From the line with "The flocculent second phase (as" to the final line of the data below, please write out every line exactly, with no pictures.

───── Given data ─────

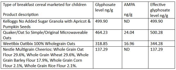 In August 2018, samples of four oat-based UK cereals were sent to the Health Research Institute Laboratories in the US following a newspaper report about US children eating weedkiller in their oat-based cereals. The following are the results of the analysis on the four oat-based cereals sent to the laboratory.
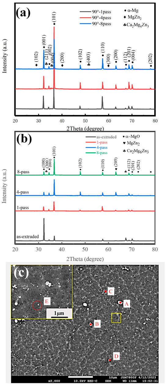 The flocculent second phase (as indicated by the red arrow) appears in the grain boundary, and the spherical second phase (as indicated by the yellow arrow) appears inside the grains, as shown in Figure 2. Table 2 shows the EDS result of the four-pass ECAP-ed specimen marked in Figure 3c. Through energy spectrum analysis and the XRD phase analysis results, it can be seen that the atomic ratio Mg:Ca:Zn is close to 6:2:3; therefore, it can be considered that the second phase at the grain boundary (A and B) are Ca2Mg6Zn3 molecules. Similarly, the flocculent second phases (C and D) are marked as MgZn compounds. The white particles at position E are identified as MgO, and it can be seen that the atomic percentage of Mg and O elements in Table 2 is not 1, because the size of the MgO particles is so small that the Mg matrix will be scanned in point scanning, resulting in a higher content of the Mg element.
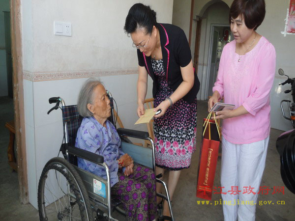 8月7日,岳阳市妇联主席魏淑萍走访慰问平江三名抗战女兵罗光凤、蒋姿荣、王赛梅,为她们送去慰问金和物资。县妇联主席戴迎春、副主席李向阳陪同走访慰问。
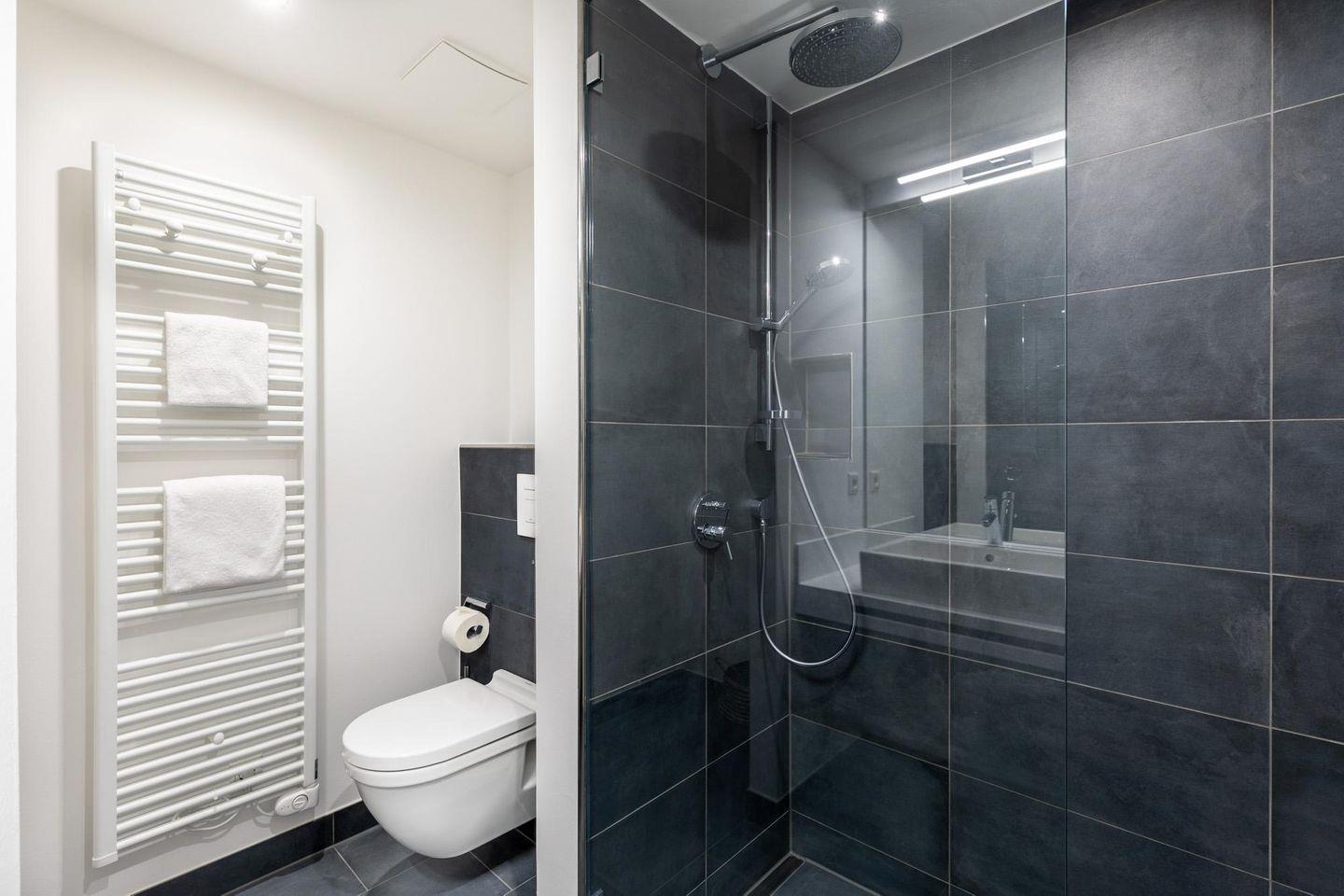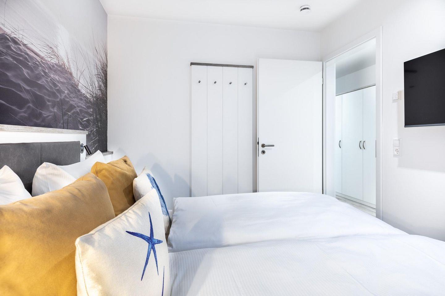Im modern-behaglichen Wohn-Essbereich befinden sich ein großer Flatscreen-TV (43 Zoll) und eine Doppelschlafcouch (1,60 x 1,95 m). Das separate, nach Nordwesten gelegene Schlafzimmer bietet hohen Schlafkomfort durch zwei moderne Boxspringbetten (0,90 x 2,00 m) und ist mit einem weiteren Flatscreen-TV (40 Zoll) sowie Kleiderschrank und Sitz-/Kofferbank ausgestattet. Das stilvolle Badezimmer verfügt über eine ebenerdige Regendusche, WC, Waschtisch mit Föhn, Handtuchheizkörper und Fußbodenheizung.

─────

Solution to this task
 The flocculent second phase (as indicated by the red arrow) appears in the grain boundary, and the spherical second phase (as indicated by the yellow arrow) appears inside the grains, as shown in Figure 2. Table 2 shows the EDS result of the four-pass ECAP-ed specimen marked in Figure 3c. Through energy spectrum analysis and the XRD phase analysis results, it can be seen that the atomic ratio Mg:Ca:Zn is close to 6:2:3; therefore, it can be considered that the second phase at the grain boundary (A and B) are Ca2Mg6Zn3 molecules. Similarly, the flocculent second phases (C and D) are marked as MgZn compounds. The white particles at position E are identified as MgO, and it can be seen that the atomic percentage of Mg and O elements in Table 2 is not 1, because the size of the MgO particles is so small that the Mg matrix will be scanned in point scanning, resulting in a higher content of the Mg element.
 8月7日,岳阳市妇联主席魏淑萍走访慰问平江三名抗战女兵罗光凤、蒋姿荣、王赛梅,为她们送去慰问金和物资。县妇联主席戴迎春、副主席李向阳陪同走访慰问。
Im modern-behaglichen Wohn-Essbereich befinden sich ein großer Flatscreen-TV (43 Zoll) und eine Doppelschlafcouch (1,60 x 1,95 m). Das separate, nach Nordwesten gelegene Schlafzimmer bietet hohen Schlafkomfort durch zwei moderne Boxspringbetten (0,90 x 2,00 m) und ist mit einem weiteren Flatscreen-TV (40 Zoll) sowie Kleiderschrank und Sitz-/Kofferbank ausgestattet. Das stilvolle Badezimmer verfügt über eine ebenerdige Regendusche, WC, Waschtisch mit Föhn, Handtuchheizkörper und Fußbodenheizung.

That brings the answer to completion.